Petrographic, mineralogical, and climatic analyses, and risk maps for conservation strategies

Wojciech Bartz, Jacek Kościuk, Maria Gąsior, Teresa Dziedzic

doi:10.37190/arc200212

Abstract

El Fuerte de Samaipata is a pre-Hispanic archaeological site in Bolivia that has been on the UNESCO World Heritage List. Its main part – the rock – is densely covered with a complex arrangement of terraces, platforms, water reservoirs, channels, and petroglyphs. The rapidly progressing erosion of the rock is making the petroglyphs less and less clear, and some are no longer recognisable. The main topic of this study is to indicate all risk factors conducive to erosion and to create risk maps identifying the most vulnerable areas that require immediate conservation intervention. Parallel mineralogical and petrographic studies show that the Samaipata rock is a quartz-rich, porous, well-sorted sandstone, classified as quartz arenite or subarcosic arenite.

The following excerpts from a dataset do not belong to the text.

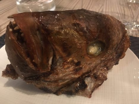 En cuanto al pescado, la pieza, de más de dos kilos, llega entera a la mesa. Allà se emplata, separando la gran cabeza, que se ofrece al cliente por si quiere disfrutar de los bocados que oculta. No ocurre como en Cataria, donde esa cabeza se diseccionarÃa para ofrecerle al comensal las distintas partes. Me gusta que al servir el pescado no se retire la piel, que tiene mucho sabor. Se acompaña con una escalivada. Si estos dos últimos platos marcaran la lÃnea del restaurante, el éxito estarÃa asegurado.
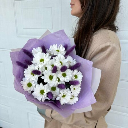 Нежный букет из кустовой ромашковой хризантемы и веточек стабилизированной лаванды создаст непременно весеннее и романтическое настроение, легкий аромат цветов придаст ощущение свежести и легкости. Такой букет будет прекрасным подарком на день рождения, юбилей, рождение ребенка и просто подарок без повода в качестве комплимента. Состав: Хризантема кустовая- 3 шт, лагурус- 10шт, дизайнерская упаковка. Доставляется букет на аквапаке с водой и в транспортировочной коробке, что гарантирует бережную доставку самых свежих цветов с незабываемым ароматом. Уход за цветами. Чтобы букет простоял как можно дольше, важно соблюдать некоторые базовые правила по уходу. Хранить цветы следует в прохладном месте. На букет не должны попадать прямые солнечные лучи. Держать букет следует в емкости со свежей водой. Периодически следует менять воду. Вода должна быть прохладной. Для хранения в вазе нужно подрезать стебли под углом, а также удалить нижние листья, которые находятся в воде. Соблюдая эти не сложные правила, цветы будут радовать Вас долго своей красотой! Внимание! Может отличаться оттенок цветов - это зависит от плантации, на которой он выращен, а также оттенок упаковки. В качестве приятного бонуса - мы дарим бесплатную фирменную открытку. При оформлении заказа оставьте комментарий с текстом для открытки и мы ее вложим в заказ! Дорогие клиенты, переходите в наш магазин FLOROOM1 и выбирайте дополнения к подаркам. У нас есть воздушные шарики, открытки, мягкие игрушки, товары для интерьера, свечи, сладости ручной работы, фруктовые корзины и много всего интересного! Будем рады знакомству!
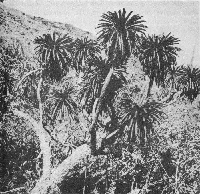 21. Kaupo Trail is a good trail that winds down Kaupo Gap, across little meadows, through groves of small AALII trees, and under 15 spreading KOA trees to the park boundary which is below the 4,000-foot contour. Wild goats may be heard on the pali or on the lavas in the gap. Kaupo Ranch extends below the park. From the redwood water tanks, a jeep trail descends through pastures to ranch headquarters. It is 8 miles from Paliku to ranch headquarters, which can be hiked in a half day. Kaupo Village on the belt road around Haleakala is 1½ miles further. The route is interesting, but arrangements must be made in advance to be met by car either at the ranch or the village. It is fifty miles from Central Maui by the shortest road. Although Kaupo Trail crosses private property, advance permission is not required to use it; but, in due consideration, please use care to close gates and do not molest or damage any property. The reverse trip from Kaupo Village into the crater is not recommended because of the long, arduous climb up the unsheltered, south-facing mountain slope.
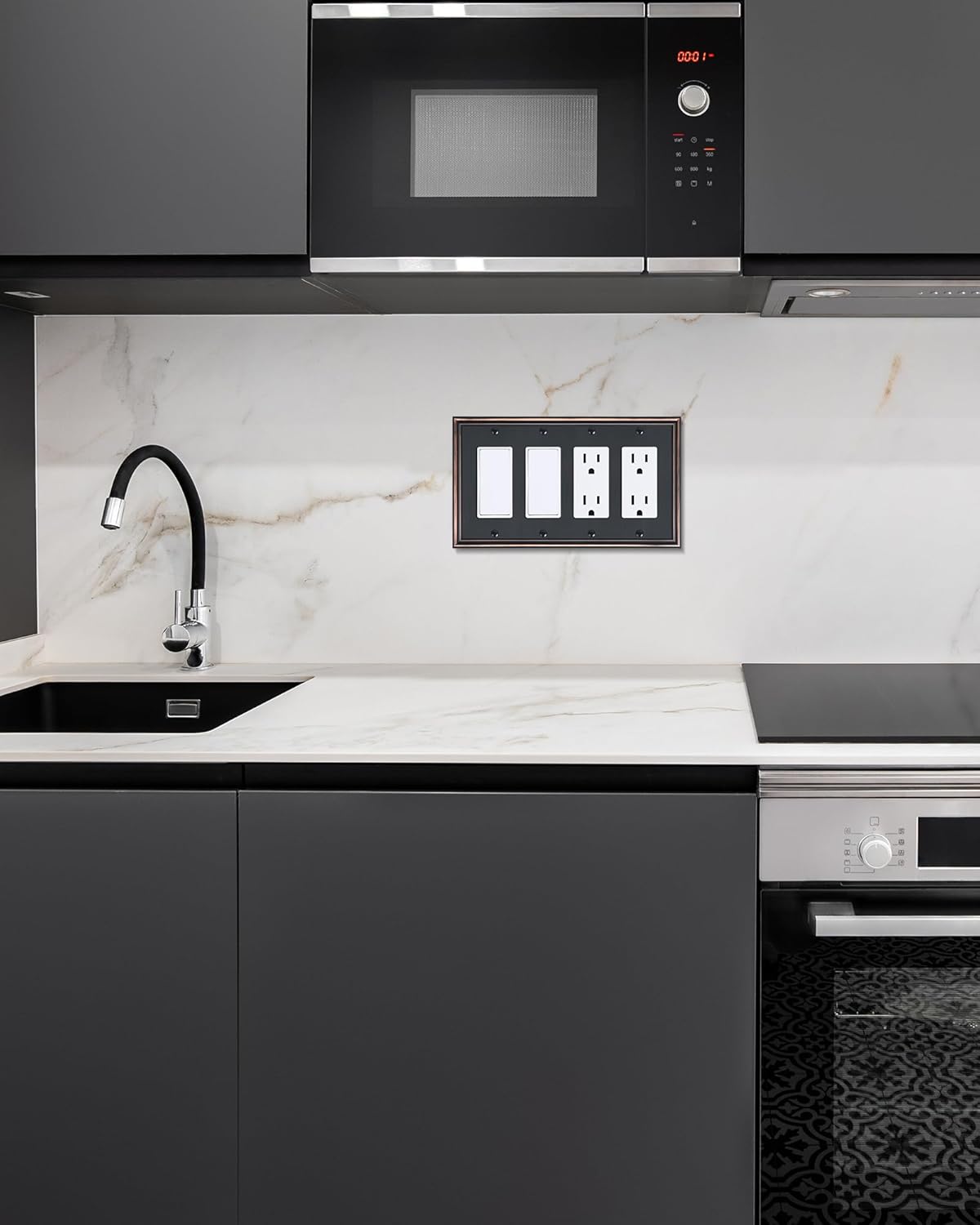 - Stylish yet Simple - Beautifully designed with simple, clean lines and exquisite aged bronze finish, our 4 gang switch plate adds a touch of elegance and sophistication to your decor. The brushed texture further enhances its stylish appeal, effortlessly complements any room, adding an instant touch of elegance and charm.
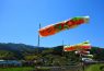 高知では端午の節句に、こいのぼりと子供の名前を入れたのぼりを立てます。
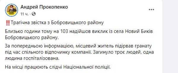 «Трагическая новость из Бобровицкого района… По предварительной информации, местный житель подорвал гранату во время совместного отдыха компании. Погибли три человека, один человек госпитализирован», — написал Прокопенко.
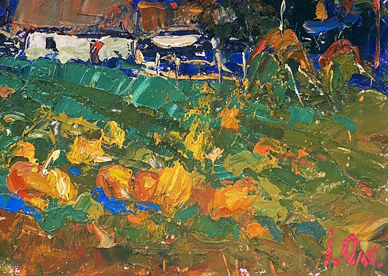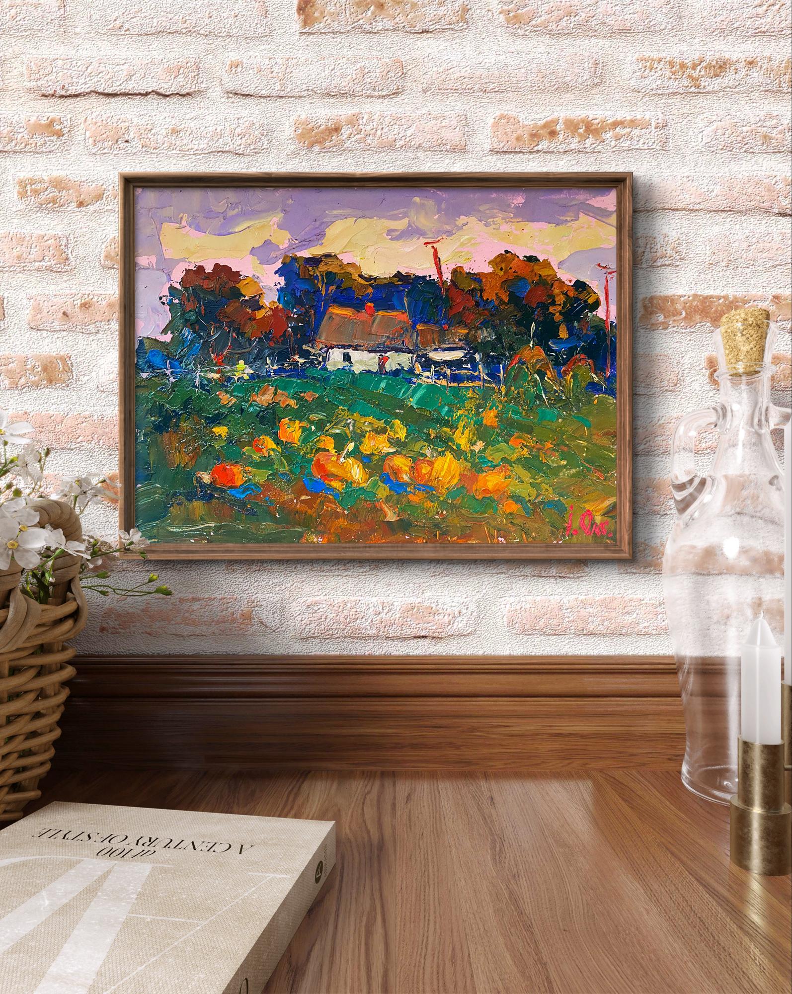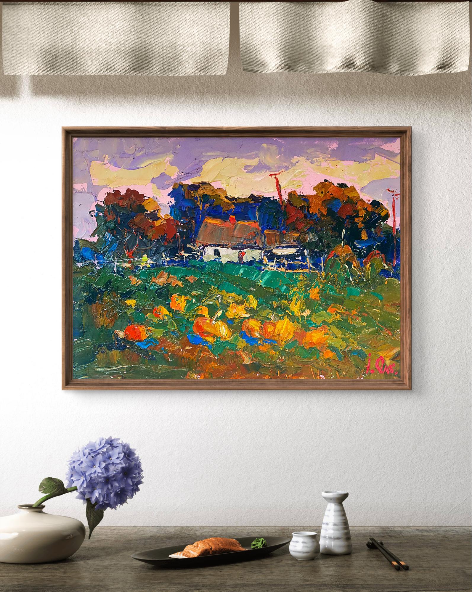 The painting titled "Autumn Gardens" captures the vibrant and colorful essence of a rural garden in the heart of autumn. The artist masterfully uses bold brushstrokes and a rich palette of warm, earthy tones to bring the landscape to life. The scene portrays a traditional village house surrounded by lush greenery and an abundant garden filled with large, bright pumpkins, reflecting the harvest season's bounty and warmth. The foreground is dominated by a pumpkin-filled garden, painted in rich shades of orange, yellow, and red. The pumpkins, scattered across the green field, are depicted with thick, textured brushstrokes, giving them a three-dimensional, tactile quality. The bright, warm colors of the pumpkins contrast beautifully with the cooler green tones of the grass and foliage, creating a vibrant, dynamic composition. The grass and garden plants are painted in shades of green and blue, with hints of brown and yellow, suggesting the natural textures of leaves and soil. The varied brushstrokes give the impression of movement, as if a gentle autumn breeze is rustling through the garden. In the middle ground stands a traditional rural house with a thatched roof, painted in soft shades of white and brown. The house exudes a cozy, welcoming charm, with its warm roof tones and rustic structure. The thatched roof is painted with thick, layered strokes in earthy hues, creating a natural texture that reflects the light and warmth of the autumn day. The house is surrounded by a simple wooden fence and patches of greenery, suggesting a well-tended garden and a peaceful, rural setting. The fence adds structure to the composition, guiding the viewer’s eye toward the house and emphasizing the cozy, enclosed feel of the garden. The background features a dense row of trees painted in deep, warm tones of red, orange, and brown, indicating that the trees are in full autumn bloom. The vibrant foliage contrasts with the cooler sky, adding depth and richness to the composition. The trees create a natural border for the scene, framing the house and garden and adding a sense of privacy and tranquility. Above the trees, the sky is painted in soft pastel shades of pink, purple, and yellow, suggesting a serene sunset or a peaceful autumn afternoon. The sky’s swirling brushstrokes add a sense of movement and atmosphere, enhancing the overall mood of the painting. "Autumn Gardens" evokes a sense of warmth, abundance, and connection to nature. The painting captures the beauty and simplicity of rural life during the harvest season, celebrating the bounty of the earth and the changing colors of autumn. The vibrant colors and dynamic brushstrokes create a lively, cheerful atmosphere, inviting the viewer to appreciate the quiet joys of nature and tradition. The artwork reflects the timeless charm of the countryside, reminding us of the natural rhythms of life and the beauty of seasonal change. It is a celebration of home, harvest, and the simple pleasures of rural living.
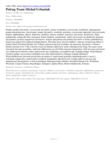 Adres URL strony http://www.ebaza.com.pl/2489 Polrug Team Michał Urbaniak Olkusz, 32-300, woj. małopolskie Ulica: Nałkowskiej Telefon: 326460048 Fax: 326460048 Strona www: http://www.pogotowiedywanowe.pl Pralnia, pralnia dywanów, czyszczenie dywanów, pranie wykładzin, czyszczenie wykładzin, impregnacja, pranie antyalergiczne, obszywanie, pranie dywanów, woolsafe, prochem, czyszczenie tapicerki, doczyszczanie frędzli, odplamianie, olkusz, bukowno, sławków, klucze, kraków, katowice, jaworzno, mysłowice, śląsk, małopolska, usługi dla firm, instytucji, hoteli, banków, przedszkoli, szkół czyszczenie na obiektach, program utrzymania czystości pogotowie dywanowe. Jedyna specjalistyczna pralnia dywanów w Polsce południowej. Najwyższa jakość bez żadnych kompromisów. Pierzemy przy użyciu środków i maszyn światowego lidera w branży firmy Prochem Europe Ltd. Usługa wykonywana jest na pralni, nie pierzemy dywanów w domu u klienta zlecenie trwa 7 dni a dywan wraca do klienta całkowicie suchy zabezpieczony folią. Nie masz czasu przynieść dywanu na pralnie, zadzwoń odbierzemy go od Ciebie naszym transportem. Jeśli nie masz pewności czy trafiłeś pod właściwy adres zadzwoń do nas wyjaśnimy szczegółowo jak wygląda usługa. Wykonujemy również usługe czyszczenia wykładzin oraz obić tapicerskich na różnego rodzaju obiektach. Wykwalifikowany personel przyjezdża na miejsce o umówionej godzinie (niejednokrotnie w nocy) i wykonuje usługe przy zachowaniu wszelkich standardów jakościowych. Usługa odbywa się przy jak najmnieszej inwazyjności w tryb normalnego funkcjonowania obiektu. Prochem Europe Ltd. ,Profchem Woolsafe, Carpet Cleaner, Rug Badger, Stemproo, Qubus Hotel, Hotel Gołębiewski, Format,. Kategorie: Dywany i wykładziny Olkusz Słowa kluczowe: program, utrzymania, czystości, obiekcie, czyszczenie, wykładzin, tapicerki, odplamianie, pogotowie, dywanowe, pranie, antyalergiczne, obszywanie, pralnia, pralnie, dywanów, impregnacja, olkusz, bukowno, klucze, śląsk, małopolska, kraków, katowice Numer ID: 2489, liczba odsłon: 424, aktywacja: 10/04/2010 19:25:26, edycja: 10/04/2010 19:25:26 Strona 1 / 1
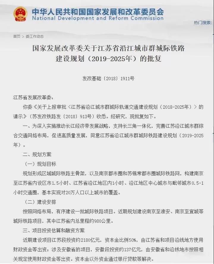 此外,在《江蘇省沿江城市群城際鐵路建設規劃(2019-2025年)》中,8條城際鐵路正式獲批!
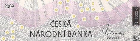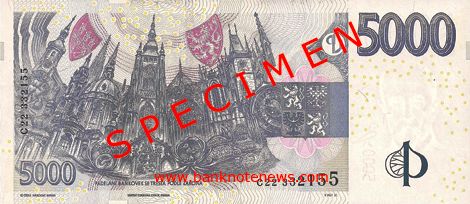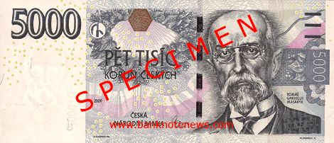 The 2009 note is signed by Governor Tůma and bears series letter C. Among its new security features are “bichrome patterned iridescent metallic strip of overlapping gold and purple with recurring quartets of linden leaves and negative 5000s” to the right of the portrait on the front of the note. The note is also protected by Omron rings, 3-mm wide puce-to-green color-shifting windowed security thread with demetalized ČNB 5000 Kč, and the watermark of Tomáš Garrigue Masaryk now has 5000 and sitting eagle electrotype elements.
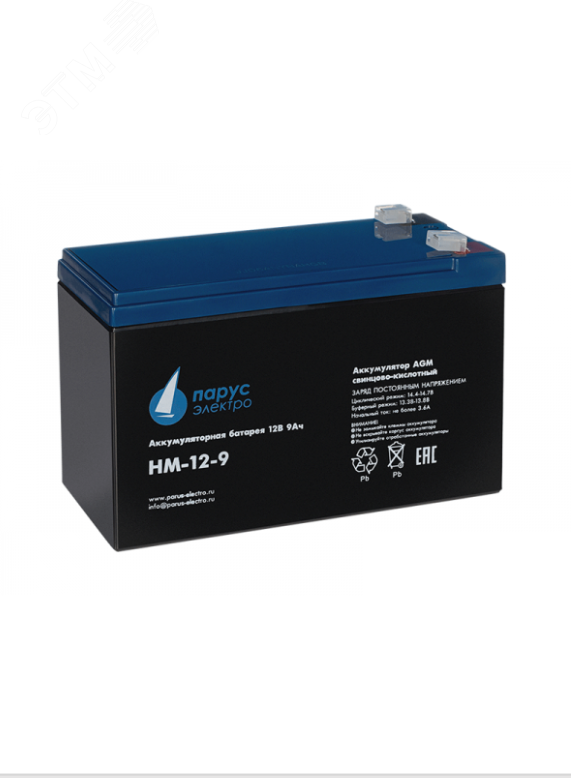 Свинцово-кислотная аккумуляторная батарея HM-12-9 по технологии AGM для циклического режима работы. Применяется в различных системах бесперебойного питания, требовательных электрических приборах (насосах и котлах систем отопления), аварийном энергоснабжении, переносных приборах, а также в стационарных системах с резервным питанием. Электролит заключен в сепараторах между пластин и всегда остается неподвижным, что позволяет эксплуатировать АКБ в любом положении. Напряжение - 12 В, ёмкость - 9 Ач.
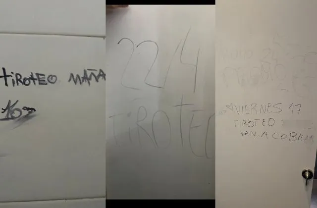 Según pudo constatarse a partir de imágenes que circularon entre estudiantes y familias, las pintadas fueron realizadas en puertas y paredes de baños escolares del Esquiú, el Instituto Huailén y el Pompeya, según pudo saber Mi8. En algunos casos, los mensajes incluyen fechas concretas y advertencias explícitas, como “22/4 tiroteo” y “viernes 17 tiroteo, van a cobrar”.
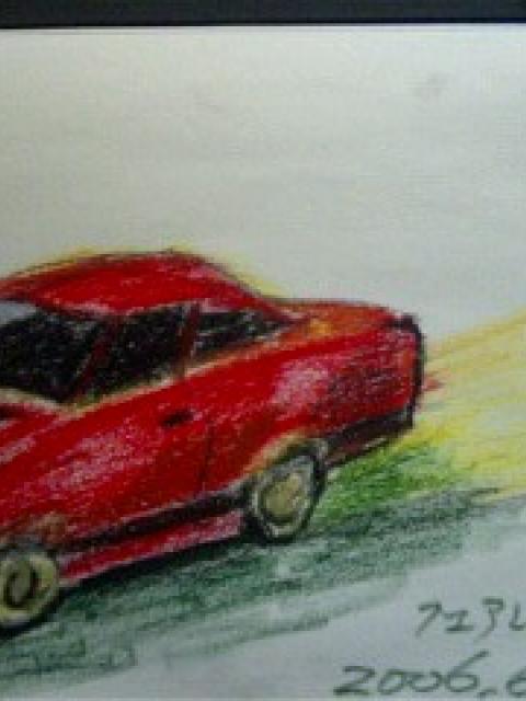 ミニカーを見て描きました。クレヨン...
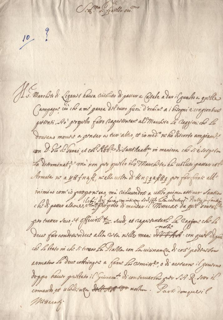 Il documento, di carattere riservato, tratta operazioni militari in Piemonte nel contesto del conflitto tra forze filospagnole e francesi nel Ducato di Savoia. Viene in particolare discusso il comportamento del generale spagnolo Diego Felipe de Guzmán, marchese di Leganés, e le sue iniziative contro le truppe francesi stanziate nel territorio.
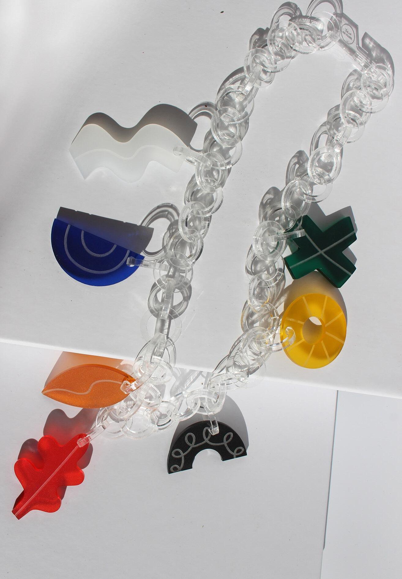 Matt shades of frosted acrylic in contemporary colours. With infIuences from abstract art and architectural forms.The pieces are a celebration of shape, form & texture.
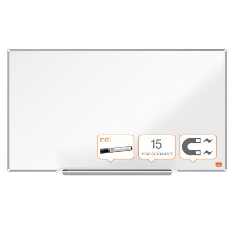 Descrizione / dati tecnici: Il formato widescreen offre una superficie di scrittura più accessibile ed estesa rispetto alle lavagne bianche tradizionali, in cui lo spazio in alto e in basso solitamente non vengono utilizzati. Dotata di una cornice contemporanea, sottile (6mm) e discreta che massimizza lo spazio di scrittura sulla lavagna. Il sistema InvisaMount™ semplifica l'installazione e i punti di fissaggio sono ben nascosti dietro la lavagna. La superficie magnetica in acciaio offre una buona cancellabilità per un uso moderato. L'ampio portapennarelli è fissato al bordo inferiore della lavagna in modo da non portare via spazio alla superficie. Pennarello Nobo cancellabile a secco in dotazione. Garanzia di 15 anni.

The cement of the rock is composed of quartz overgrowth and ubiquitous, pore-filling hematite-clay aggregates containing non-expanding kaolinite, illite, and expanding smectite. The rock exhibits different stages of weathering, from relatively fresh to strongly altered and heavily cracked. In comparison to fresh rock, the latter has cement enriched in clay minerals and is depleted in hematite due to weathering and the dissolution of the iron-bearing phase.